Abstract:Multi-label zero-shot learning extends conventional single-label zero-shot learning to a more realistic scenario that aims at recognizing multiple unseen labels of classes for each input sample. Existing works usually exploit attention mechanism to generate the correlation among different labels. However, most of them are usually biased on several major classes while neglect most of the minor classes with the same importance in input samples, and may thus result in overly diffused attention maps that cannot sufficiently cover minor classes.
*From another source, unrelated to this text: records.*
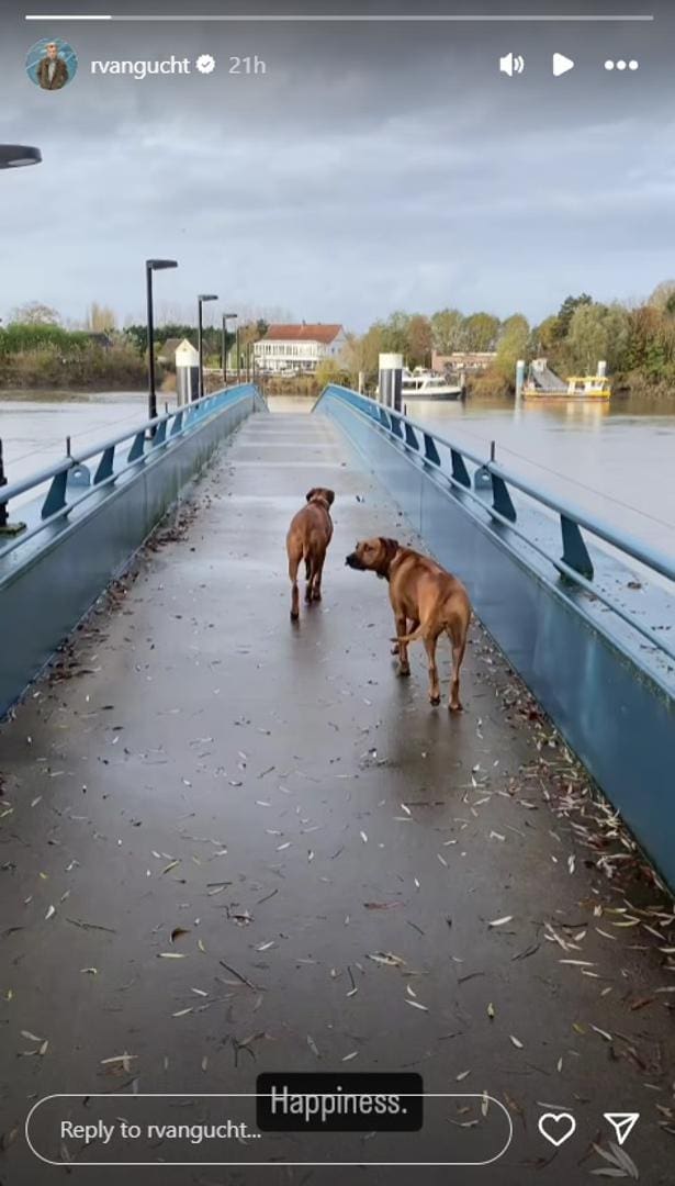 Na Instagram Storyju podijelio je kako provodi slobodno vrijeme šetajući svoja dva psa, uz jednostavan opis: "Sreća".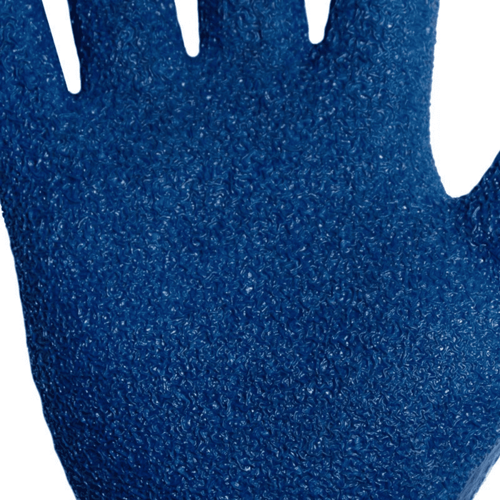Guante de trabajo con dorso de poliéster y algodón y palma de látex rugoso para mejor agarre y resistencia al desgaste. Cumple EN 388 3132X para riesgos mecánicos moderados y está indicado para manipulación general y trabajos en entornos fríos. Se suministra por 1 par y disponible en tallas XS a XXL.
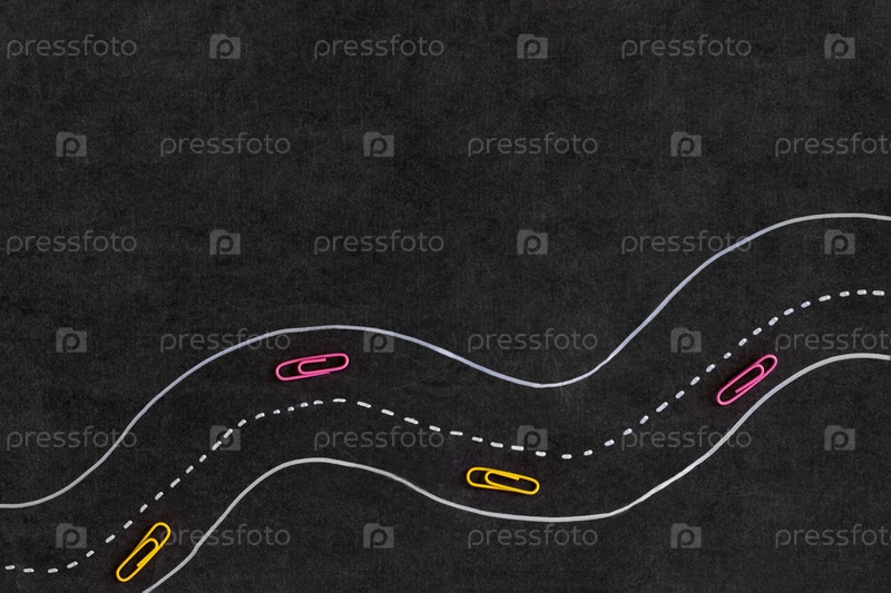 Дорога нарисована на доске мелом, скрепки изображают автомобили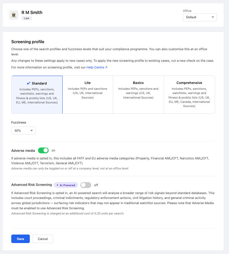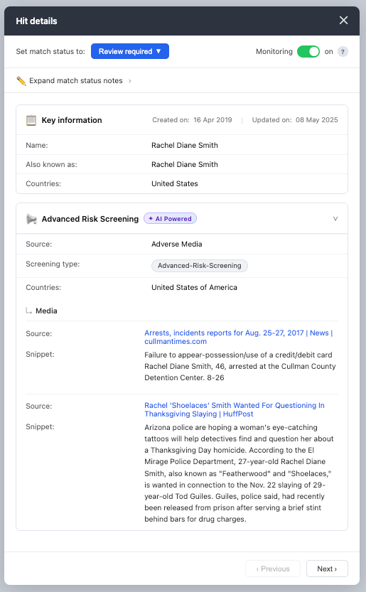 Advanced Risk Screening runs alongside your existing Adverse Media search to catch things that standard screening can miss.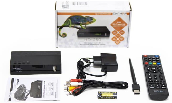 Обратите внимание на новую модель в линейке ресиверов СИГНАЛ - HD-250. Это высококачественный ТВ ресивер с обучаемым пультом управления в комплекте (можно с одного пульта управлять и ресивером, и телевизором). HD-250 подходит для приема ЭФИРного цифрового телевидения в формате DVB-T/T2/C. Его яркая упаковка не останется незамеченной на полке магазина. Сам ресивер выполнен из пластика и в лаконичном дизайне. Особенность этого ресивера в его комплектации. Вместе с устройством вы получаете USB Wi-Fi адаптер 7601. Это позволяет телевизору с помощью ресивера подключаться к беспроводной сети. Так с TV устройства можно выходить в интернет. На ресивере расположены следующие разъемы: антенный вход, 2 USB-разъема, HD OUT, композитный аудио-видео выход, разъем для подключения внешнего блока питания. HD-250 оснащен чипсетом GX6701. Поддерживает диапазон частот 174-862МГц. Ресивер имеет размер 120х64х28мм. Рабочая мощность составляет 6Вт. Входное напряжение 220В 50ГЦ, БП 5В 2А. Наш ресивер - идеальный выбор для вас! Товар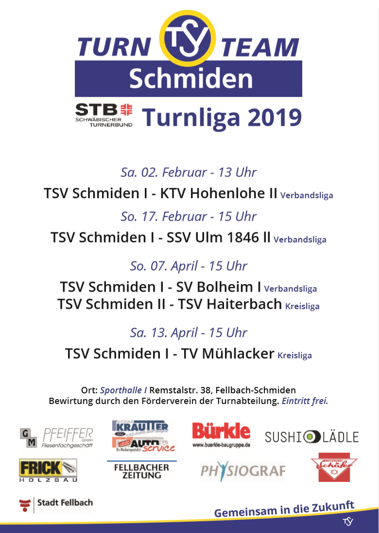 Für den TSV Schmiden sind folgende Turner gemeldet: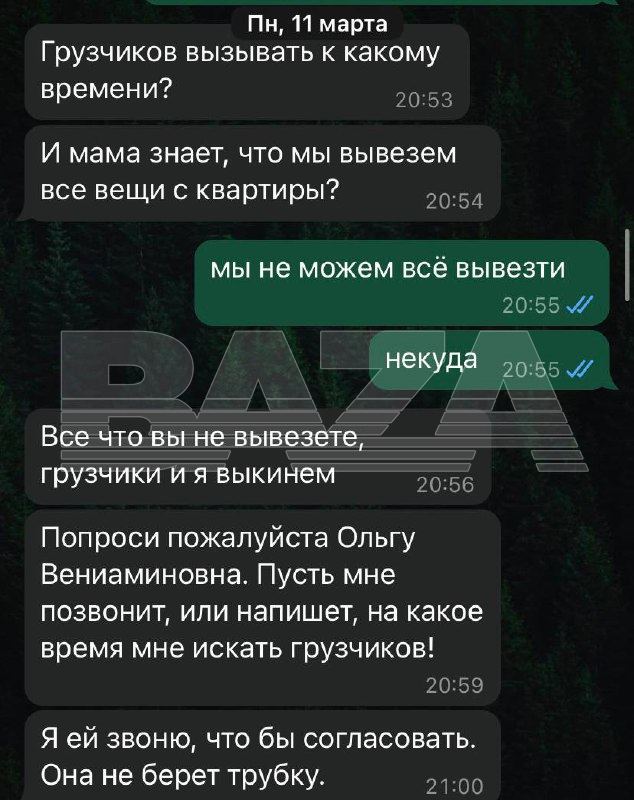 В марте 2024 года внуки и больная дочь были дома, как вдруг в дверь позвонили. Неизвестный представился покупателем квартиры. Семья вызвала участкового, их увезли в отдел для разбирательств. Воспользовавшись отсутствием жильцов, покупатель снял дверь с петель, поменял замок и выставил на улицу Ольгу с дочерью и детьми, а следом сломал мебель и унёс её на помойку. Мужчина и позже настойчиво требовал вывезти вещи семьи и угрожал, что иначе он все выкинет.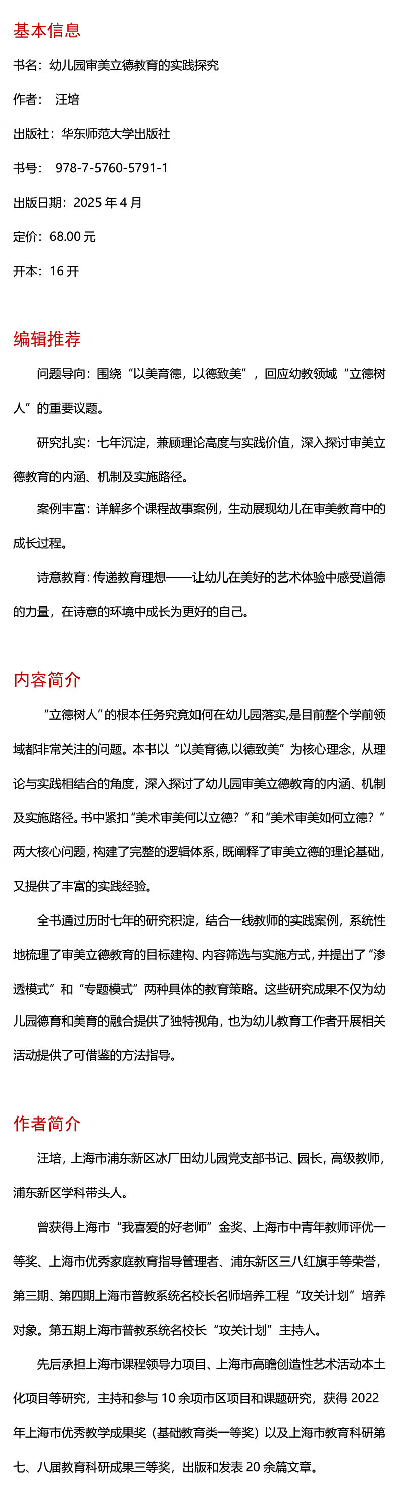 新华正版 幼儿园审美立德教育的实践探究 教育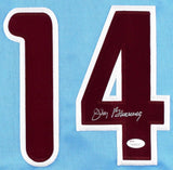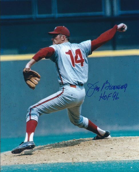 Custom on-field style jersey. Everything is sewn on, size XL. Hand-signed in silver paint pen by Jim Bunning (HOF). Passed away 2017. James Paul David Bunning was an professional baseball pitcher and later a politician who represented constituents from Kentucky in both chambers of the United States Congress. The autograph includes an official James Spence Authentication (JSA) hologram and matching COA for authenticity purposes. The signing of this item was witnessed by JSA.Authentication: JSA COA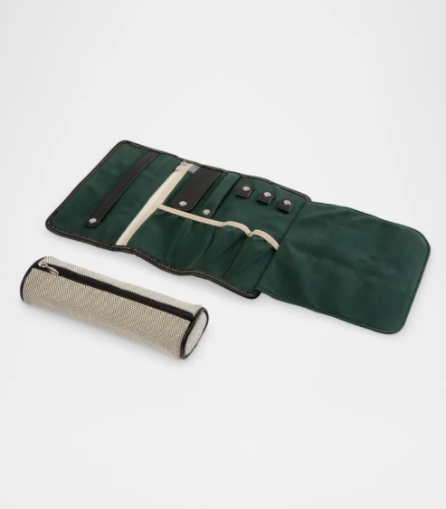 Keep looking on point while on the go! Designed to carry for a week's worth of jewelry (or a month!) This travel jewelry roll features an assortment of pockets, ring bars, earring panel and an overall protective panel. It is a great complement to your cosmetic bags and can easily fit in a tote or carry-on.

We argue that disregarding the connection between major and minor classes, i.e., correspond to the global and local information, respectively, is the cause of the problem. In this paper, we propose a novel framework of unbiased multi-label zero-shot learning, by considering various class-specific regions to calibrate the training process of the classifier. Specifically, Pyramid Feature Attention (PFA) is proposed to build the correlation between global and local information of samples to balance the presence of each class. Meanwhile, for the generated semantic representations of input samples, we propose Semantic Attention (SA) to strengthen the element-wise correlation among these vectors, which can encourage the coordinated representation of them. Extensive experiments on the large-scale multi-label zero-shot benchmarks NUS-WIDE and Open-Image demonstrate that the proposed method surpasses other representative methods by significant margins.